Right away Isis’ wives and their mother turned to snowbirds and
Cogátkis became Kĕngkong’kongis. Sometimes ordinary people see
him in their dreams. Doctors always see him in the country where his
mother and sisters lived. Isis went north, went far away. [39]
[Contents]
KUMUSH AND HIS DAUGHTER

CHARACTERS

Kumush The Creator, according to Indian myths


Skoks Spirit

Kumush (our Father) left Tula Lake and wandered over the earth. He
went to the edge of the world and was gone a great many years;
then he came back to Nihlaksi, where his sweat-house had been;
where Látkakáwas brought the disk; where the body of the beautiful
blue man was burned, and where Isis was saved.

Kumush brought his daughter with him from the edge of the world.
Where he got her, no one knows. When he came back, Isis and all
the people he had made were dead; he and his daughter were
alone. The first thing he did was to give the young girl ten dresses,
which he made by his word. The finest dress of all was the burial
dress; it was made of buckskin, and so covered with bright shells
that not a point of the buckskin could be seen.

The first of the ten dresses was for a young girl; the second was the
maturity dress, to be worn while dancing the maturity dance; the third
was the dress to be put on after coming from the sweat-house, the
day the maturity dance ended; the fourth was to be worn on the fifth
day after the dance; the fifth dress was the common, everyday
dress; the sixth was to wear when getting wood; the seventh when
digging roots; the eighth was to be used when on a journey; the ninth
was to wear at a ball game; the tenth was the burial dress.
When they came to Nihlaksi Kumush’s daughter was within a few
days of maturity. In the old time, when he was making rules for his
people, Kumush had said that at maturity a girl should dance five
days and five nights, and while she was [40]dancing an old woman, a
good singer, should sing for her. When the five days and nights were
over she should bathe in the sweat-house, and then carry wood for
five days. If the girl grew sleepy while she was dancing, stopped for
a moment, nodded and dreamed, or if she fell asleep while in the
sweat-house and dreamed of some one’s death, she would die
herself.

Kumush was the only one to help his daughter; he sang while she
danced. When the dance was over and the girl was in the sweat-
house, she fell asleep and dreamed of some one’s death. She came
out of the sweat-house with her face and hands and body painted
with wáginte. 1 As she stood by the fire to dry the paint, she said to
her father: “While I was in the sweat-house I fell asleep and I
dreamed that as soon as I came out some one would die.”

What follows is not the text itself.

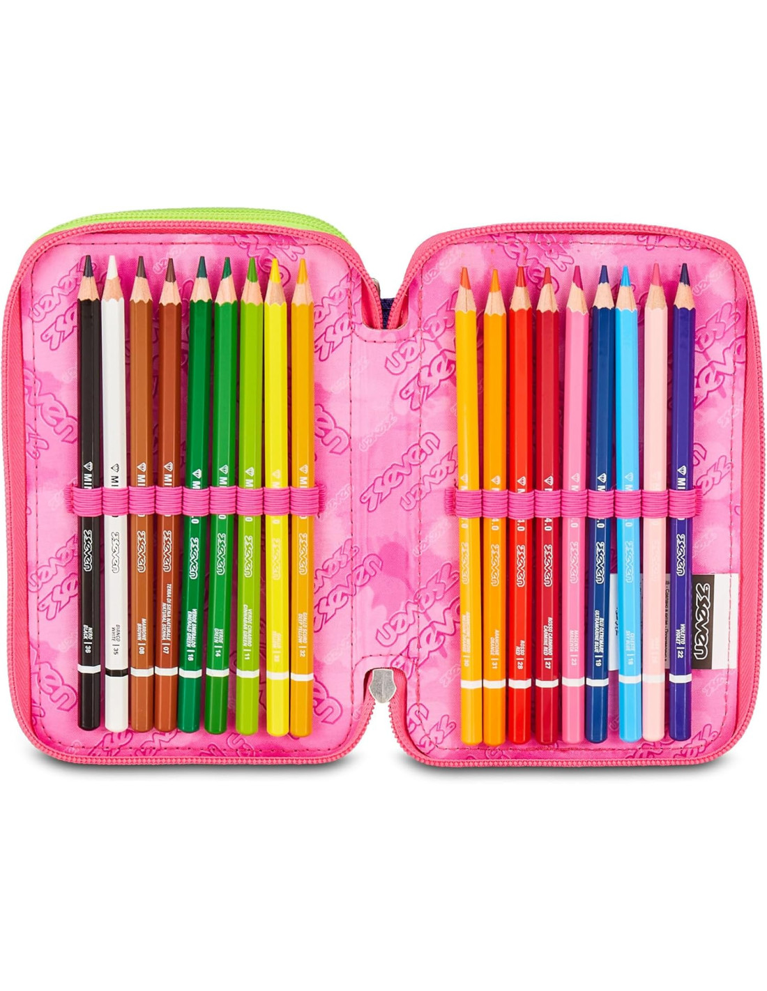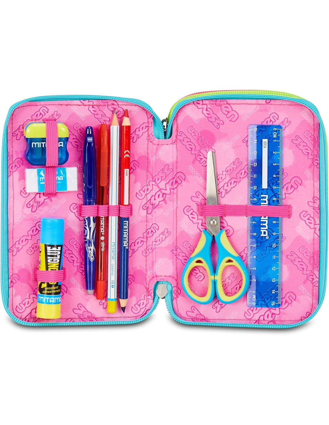 Altre caratteristiche: CONTENUTO 45 PEZZI: 1 penna cancellabile blu, 1 penna sfera rossa, 18 pastelli a colori 4.0 esagonali, 18 pennarelli superlavabili punta 3.0, 1 matita grafite esagonale HB, 1 colla gialla azzurra, 1 gomma bianca con cartoncino stampato, 1 temperino barilotto 2 fori, 1 righello trasparente, 1 matita bicolor rosso/blu, 1 paio di forbici in metallo Perfetto per accompagnare le giornate scolastiche dei bambini, questo astuccio a triplo scomparto è la soluzione ideale per organizzare al meglio tutto l'occorrente.

“That means your own death,” said Kumush. “You dreamed of


yourself.”

Kumush was frightened; he felt lonesome. When his daughter asked


for her burial dress he gave her the dress to be worn after coming
from the sweat-house, but she wouldn’t take it. Then he gave her the
dress to be worn five days later, and she refused it. One after
another he offered her eight dresses—he could not give her the one
she had worn when she was a little girl, for it was too small. He held
the tenth dress tight under his arm; he did not want to give it to her,
for as soon as she put it on the spirit would leave her body.

“Why don’t you give me my dress?” asked she. “You made it before
you made the other dresses, and told me what it was for; why don’t
you give it to me now? You made everything in the world as you
wanted it to be.”

He gave her the dress, but he clung to it and cried. When she began
to put it on he tried to pull it away. She said: “Father, you must not
cry. What has happened to me is your will; you made it to be this
way. My spirit will leave the body and go west.”

At last Kumush let go of the dress, though he knew her spirit would
depart as soon as she had it on. He was crying [41]as he said: “I will
go with you; I will leave my body here, and go.”

“No,” said the daughter, “my spirit will go west without touching the
ground as it goes. How could you go with me?”

“I know what to do,” said Kumush. “I know all things above, below,
and in the world of ghosts; whatever is, I know.”

She put on the dress, Kumush took her hand, and they started,
leaving their bodies behind. Kumush was not dead but his spirit left
the body.

As soon as the daughter died, she knew all about the spirit world.
When they started she said to her father: “Keep your eyes closed; if
you open them you will not be able to follow me, you will have to go
back and leave me alone.”

The road they were traveling led west to where the sun sets. Along
that road were three nice things to eat: goose eggs, wild cherries
and crawfish. If a spirit ate of the wild cherries it would be sent back
to this world, a spirit without a body, to wander about homeless,
eating wild cherries and other kinds of wild fruit. If it ate of the goose
eggs, it would wander around the world, digging goose eggs out of
the ground, like roots. It would have to carry the eggs in a basket
without a bottom, and would always be trying to mend the basket
with plaited grass. If it ate of the crawfish it would have to dig
crawfish in the same way.

A Skoks offered Kumush’s daughter these three harmful things, but


she did not look at them; she went straight on toward the west, very
fast.

After a time Kumush asked: “How far have we gone now?”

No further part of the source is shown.